Township in Yangon, Myanmar

Shwepyitha Township (ရွှေပြည်သာ မြို့နယ်; /my/) is located in the northwestern part of Yangon, Myanmar. The township comprises 27 wards and 3 village tracts, and shares borders with Htantabin Township to the north, Mingaladon Township to the east, the Yangon river to the west, and Insein Township to the south.

==Geography==
Incorporated into the city of Yangon in 1986, Shwepyitha is now developing and has basic municipal services. Improvements include tidy and broad main roads and many streets form a grid. Hlaing River separates Shwepyitha and Hlaingtharyar. Shwepyitha Bridge was built in 1996, and now it is a useful bridge in Yangon and is also the start of the Yangon-Pathein-Chaungthar Highway.
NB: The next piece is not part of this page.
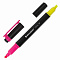 Двусторонний текстовыделитель неоновых цветов - желтый/розовый - обладает круглой формой корпуса диаметром 11 мм. Корпус тектовыделителя оснащен удобной зоной захвата. Скошенный наконечник имеет толщину линии письма от 1 до 4 мм, что обеспечивает удобство при работе с текстом, напечатанным мелким шрифтом, или таблицами. Текстовыделитель обладает экономным расходом чернил. Светоустойчивые чернила на водной основе не выцветают даже на открытом солнце и не размазываются в процессе использования. Изделие не перезаправляется. Цвет клипа соответствует цвету чернил.

Htan Chauk Pin Junction is regarded as the centre of Shwepyitha and many well-known places are there. Bogyoke Aungsan Road, Bayint Naung Road, and No. 4 Highway are the most popular roads in the town. The Yangon Circular Railway passes through the township. Its railway station is also at the Yangon-Pyay-Mandalay Railway.

==Economy==
The township has the Shwepyitha Industrial Zone, Yangon's first industrial park, first developed in 1990. The Industrial Zone was expanded in 1999 to Zone 2 and Zone 3. As of 2001, all 306.9 acres of Zone 1 was sold and developed. Zone 2 remained at 35% developed, while Zone 3's 194 acres were also all sold out. In 2022, the Shwepyitha Industrial Zone 1 employed about 50,000 workers at 200 factories. By then it was only one of 29 total indsturial zones in the Yangon metropolitan area.

==Education==
The township has 50 primary schools, 20 middle schools, and 7 high schools.
The most famous high schools are B.E.H.S. No. 1 and B.E.H.S No. 3. There are nearly 30 middle (branch) schools and 10 high (branch) schools. Private schools include Kaung Su San, Aung Thukha, New Life, Myint Mo Yape, Education Palace, etc. University of Computer Studies, Yangon and Government Technical Institute ( Shwepyitha) are located there, too.

Many Language Centres teach English, Korean, Japanese, and Chinese.

==Demographics==

The Bamar make up the vast majority of the township's population, while the Rakhine and Karen are notable minority groups.